Терять нельзя было ни секунды. Бегом вернувшись назад, он просунул лом между прутьями и яростно, всей силой налег на него. Надломленный домкратом прут с треском вылетел из гнезда.
Из штаба в сопровождении дневального и Брандиса выбежал лейтенант. Застегивая на ходу френч, он метнулся в сторону казармы, на шум. И только сейчас из дверей гауптвахты выбежал заспанный часовой с винтовкой.
— Стой! — истошно завопил он, заметив спрыгивающих с ящиков Грикиса и Бангу. — Стой, стрелять буду! — и несколько раз с испугу бабахнул в воздух.
— Тревога! — лейтенант устремился к часовому на помощь.
В городке вспыхнули все лампы и прожекторы, но было поздно — беглецы успели перебраться через забор.
— Разбегаемся! — хрипло скомандовал Грикис и, хлопнув в знак благодарности Артура по плечу, бесследно растворился в темноте.
Ярким весенним днем по мосту над рекой с грохотом мчался товарный состав. В одном из пустых вагонов, скорчившись в углу, сидел Артур. Сняв френч, он старательно спорол погоны, а затем принялся за нашивки. Голову сверлила одна-единственная мысль: отрезает он не просто тряпки — отрезает свое прошлое. Во всяком случае, возврата назад не было.
Утопая в белоснежной пене кружев, барахтался, таращил глазенки малыш. Рихард, еще не сбросив дорожного плаща, склонился над колыбелью. Со сложным чувством вглядывался он в этот крохотный, живой комочек, бесконечно далекий от ненависти, любви — от всей пестрой путаницы человеческих страстей, охватывающих Лосберга в последнее время. Сын его жены и его врага… Существо, которому волей судьбы он должен стать отцом, дать свое имя… Эта молчаливая дуэль взглядов — младенчески безмятежного и тяжелого, ревнивого, холодно-неприязненного — не ускользнула от внимания Марты. Слабая, неокрепшая после трудных родов, она приподнялась на подушке, с тревогой наблюдая за этой встречей. Будто хотела угадать по ней будущее своей странной семьи.

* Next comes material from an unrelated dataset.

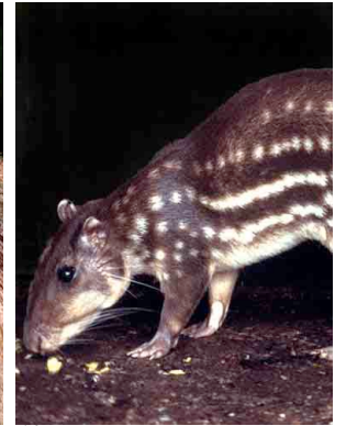
10 Conejo pintado Paca Agouti paca

— Чудо, а не ребенок! — раздалось за спиной Рихарда восторженное кудахтанье тетушки Эльзы. — Глазки голубенькие, волосики беленькие… Настоящий ариец. Зигфрид!
— Можешь гордиться, — подхватил дядюшка Генрих. — Твой сын — чемпион клиники. Пять килограммов двести восемь граммов… — и подмигнул. — Что и говорить — сработано на совесть.

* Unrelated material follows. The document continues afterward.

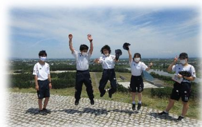
【校外学習・モエレ沼公園】

— Генрих, перестань! — целомудренно одернула мужа фрау Эльза. Но тут же расплылась, закурлыкала, заагукала над колыбелькой. — Нет, какое поразительное сходство! Я первый раз в жизни вижу, чтобы так… Ну, буквально, как две капли воды. Глазки, ушки, овал лица — все! Просто вылитый Лосберг. Ты обрати внимание, Рихард, как эта малютка…
— Тетушка! — сдерживая раздражение, пробурчал Рихард. — По-моему, вы слишком преувеличиваете наше сходство. В этом возрасте они все…
— Ты, наверное, очень устал с дороги? — пришла ему на помощь Марта.
— Безумно! И не только с дороги. Я же предполагал пробыть в Риге два-три дня. Ну, от силы неделю. А проторчал целый месяц.
— Да, господин Зингрубер сразу же позвонил нам и сказал, что ты задержишься, что у тебя какие-то неприятности на фабрике. Это действительно так? — дядюшка испуганно смотрел на племянника.
Рихард недовольно поморщился, уклончиво ответил:
— И да, и нет. Это отдельный разговор.
— Как господину Зингруберу Латвия? Понравилась ли? — спросила фрау Эльза.
— Боюсь, слишком понравилась.
— Что значит, слишком? Не понимаю…
Племянник и дядя обменялись короткими, но весьма выразительными взглядами.
— Эльзочка, разве ты не видишь, что Рихард едва держится на ногах?
— Да-да, разумеется, извини. Пойдем, Генрих! Рихард, сними, наконец, этот ужасный плащ. Имей в виду, дорожная пыль может стать источником опасной инфекции.
Когда они, наконец, удалились, Рихард обернулся к Марте:
— Ты как… назвала его?
— Пока никак.
— Артур исчез, — неожиданно сказал он. — Дезертировал из армии.
— Я знаю, — после паузы призналась Марта.
— Вот как? Откуда же? Я просил твоего отца не писать, не беспокоить…
— Мне Бирута написала.
— Ты, значит, переписываешься с ними? — с легкой обидой процедил он. — А я и не знал.
Она не ответила. Лосберг тоже молчал, смиряя вспыхнувшую ревность. Потом пересилил себя, сел подле жены, взял ее руку:
— Прости! Я не хотел тебя обидеть. Ты так измучилась… — Он улыбнулся, заговорщически подмигнул. — Врачей все-таки обманула. Назови его так, как тебе хочется. Понимаешь? Как тебе хочется, так и назови.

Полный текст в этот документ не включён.